The Financial Supervisory Commission (FSC) yesterday said it has no objection to Taiwan Fire and Marine Insurance Co’s (TFMI, 台灣產物保險) involvement in the purchase of Next Media Group’s (壹傳媒集團) four local outlets, but the insurer must not supply funding and its top shareholders must not hold key positions in the four media firms.
The financial regulator made the statements after TFMI chairman Steve Lee (李泰宏) inked an agreement late on Tuesday night to take up a 32 percent stake in Next TV (壹電視) through an affiliated development company.
The commission’s Insurance Bureau posted a statement on its Web site, indicating insurance companies and their major shareholders must not sit on the boards of invested listed firms, or assume top management positions or appoint senior executives.
“Lee must not use any insurance funds in his media venture,” the bureau said, adding that it would conduct strict oversight to ensure full compliance to protect the rights of all policyholders.
The insurance company said in a stock filing it would not supply funding for Lee’s personal investment.
Jean Chiu (邱淑貞), the deputy director-general of the commission’s Banking Bureau, said the principle of separation of banking and commerce does not apply to insurance companies.
“We don’t see the need to extend the principle to insurance companies in keeping with international governance practices,” Chiu said by telephone.
The commission said it also no longer has reservations about Chinatrust Charity Foundation (中信慈善基金會) chairman Jeffrey Koo Jr’s (辜仲諒) participation in the buyout, after the details of the transaction showed he does not own a controlling stake in the four companies.
Under the deal, Koo Jr, the eldest son of Chinatrust Financial Holding Co (中信金控) founder and chairman Jeffrey Koo (辜濂松), has cut his stake in the four Next Media’ outlets to 20 percent, from the original 34 percent, after David Lee (李世聰), chairman of funeral-services provider Lung Yen Life Service Co (龍巖), took over the other 14 percent from Koo Jr.
“The commission is now satisfied with the adjustment,” Chiu said.
The commission had earlier asked the Koo family to choose between Chinatrust Financial and Next Media to uphold the principle of separation.
The ownership change does not need approval from the commission since no party involved is in the financial sector, Chiu said.
Meanwhile, the Fair Trade Commission (FTC) said all parties in the buyout must submit applications for regulatory approval.

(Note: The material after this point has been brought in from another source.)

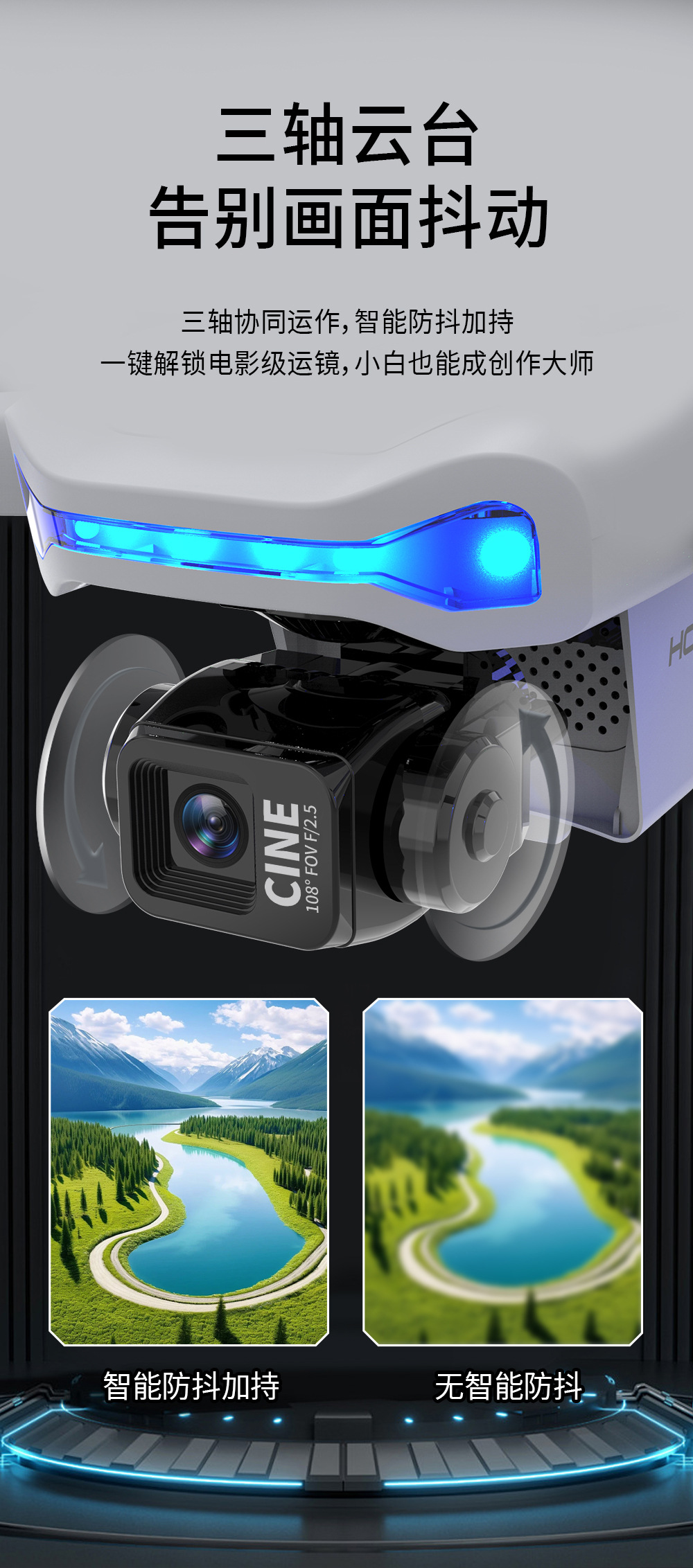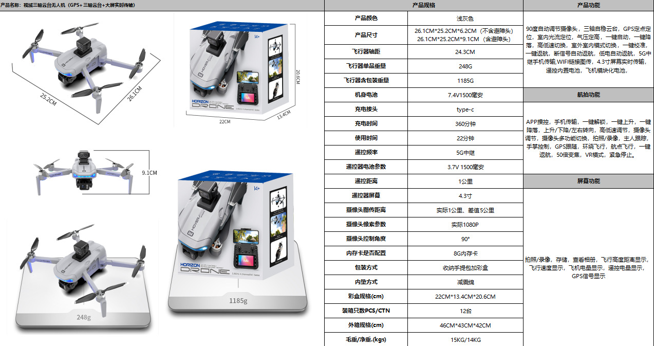 YDJ 3축 짐벌 HD 항공 사진 GPS 드론(화면 실시간 전송 포함) ESC 듀얼 카메라 장애물 회피 원격 제어 항공기

While it said it still did not know who participated in the deal because it has not seen the contracts, it has sent official documents to all possible buyers appearing in newspapers, FTC spokesman Sun Li-chun (孫立群) said by telephone.
Sun said the FTC did not have a deadline set for the buyers to make their submissions, but added that it would wait until it collects all the necessary information before reviewing the deal.
The FTC has 60 days to complete the review after the process starts, he said.
Apart from Koo Jr, Steve Lee and David Lee, the other members of the investment consortium include Formosa Plastics Group (台塑集團) chairman William Wong (王文淵) and Want Want Holdings Ltd (旺旺控股) chairman Tsai Eng-meng (蔡衍明).
Wong did not comment on the deal yesterday, but the group’s four major units — Formosa Plastics Corp (台塑), Formosa Petrochemical Corp (台塑石化), Formosa Chemicals & Fibre Corp (台灣化纖) and Nan Ya Plastics Corp (南亞塑膠) — said in separate stock exchange filings that the group hopes to make a contribution to Taiwan through participation in the buyout.